About one-third of Tor’s funding comes through a government-incorporated nonprofit called the Open Technology Fund, established during the “Internet Freedom” push at the State Department under then-Secretary Hillary Clinton. So long as access to an open Web is a government priority, it will need Tor or something like it to allow human rights activists to evade their own homegrown surveillance agencies.
It needs anonymity for itself, too, since the federal government isn’t the only entity that monitors the Internet.
“A few years ago I presented at a conference run by the FBI,” Dingledine said. "At the end of the conference one of the FBI agents took me aside and asked, ‘Surely you have some sort of way of tracking your users?’ When I pointed at his FBI colleagues in the room who had told me they use Tor every day for their work, and asked if he'd be comfortable if we had a way of tracing them, I think he got it."
Using Tor to reach websites requires a modified browser that navigates an encrypted circuit of three to six specially configured servers. The Tor Project doesn’t own or control those servers — they’re maintained by volunteers spread out across the globe. As a result, Dingledine and the Tor Project have no idea who’s using Tor.
He also has no way to block or summarily take down illegal websites that take advantage of Tor to hide their true location. Getting to those websites requires going through a circuit of six servers, and the information for reaching them is published to six servers that change each day.
“So I guess you could go to the operators of these six relays and try to persuade them why it's important to censor this hidden service,” Dingledine said. "But you'd have to get all six to agree, or the service would still be reachable. And the next day it would be a new six."
Anyone trying that would also trip up against the international distribution of Tor servers. Would a Russian Tor server owner listen to a request from the FBI to stop routing to a hidden website? “How about the American relay operator listening to the Russian feds?” Dingledine asked.
Dan Meredith, principal director of the Open Technology Fund, has one take on the controversy surrounding Tor: This is what happens when a progressive but niche technology transits into the mainstream, as the Internet itself once did. “No one thinks that the Internet had any controversy and problems behind it.
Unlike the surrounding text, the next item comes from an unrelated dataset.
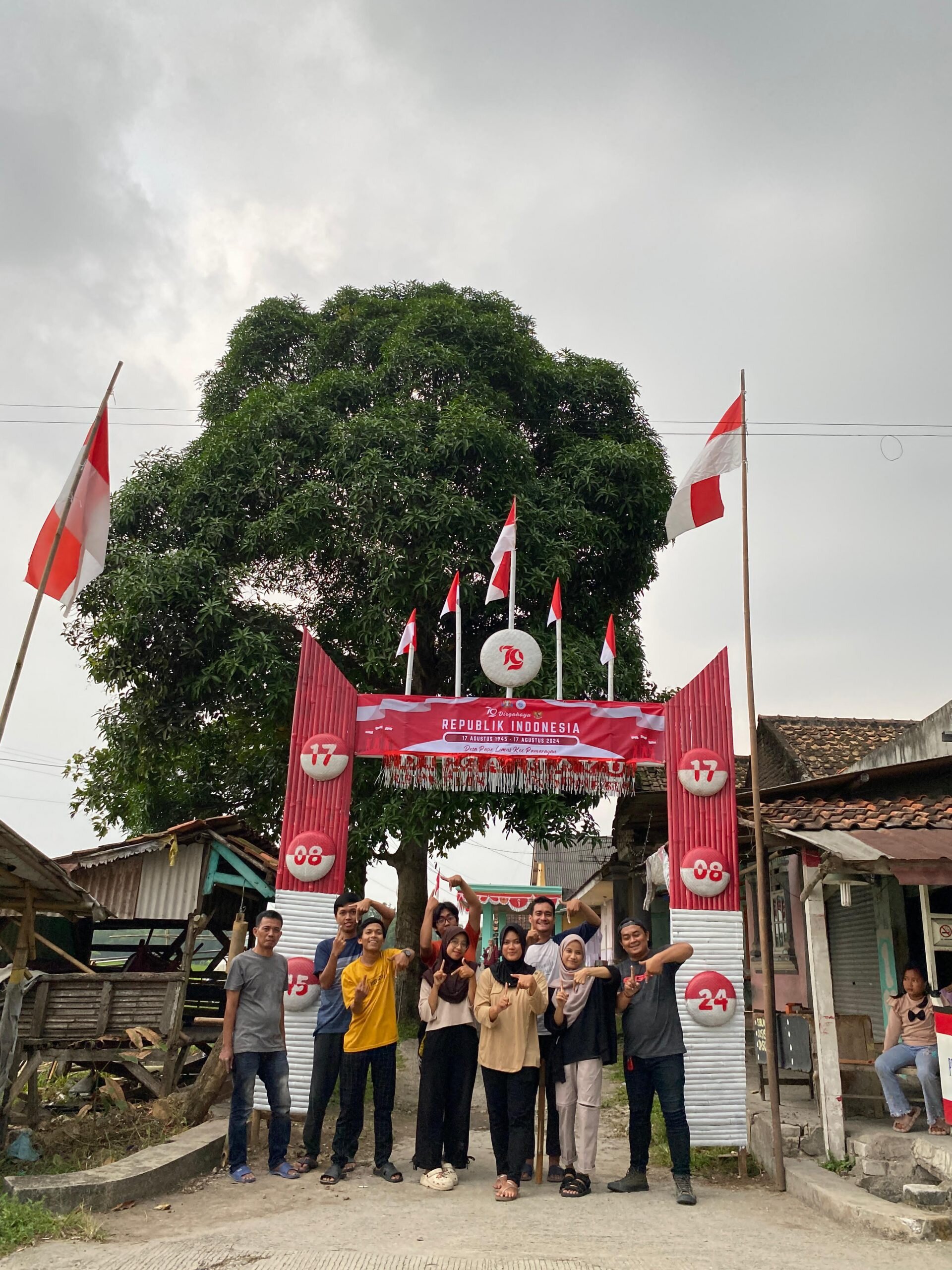 Setelah menyelesaikan kegiatan di musolah , siang harinya seluruh anggota kelompok 17 bersama-sama menyelesaikan pembuatan gapura yang menjadi bagian dari persiapan acara Hari Kemerdekaan yang akan datang. Setelah gapura tersebut selesai, mereka segera melanjutkan dengan pemasangan gapura di lokasi yang telah ditentukan.

But it did — it was military funded,” he said.
“They’re still in the startup phase,” said Andrew Lewman, who stepped down in April after six years as the Tor Project's executive director. “It’s been a long process. It’ll continue to be a work in progress.”
Dingledine said he’s confident Tor will mature as an organization. “There are a lot of people who want to use Tor,” he said. Still, embedded into Dingledine’s faith is a plea showing how far Tor has yet to evolve as an organization.
“Please, can we fight on the value of our technology, not on the ability to do press releases?” he said.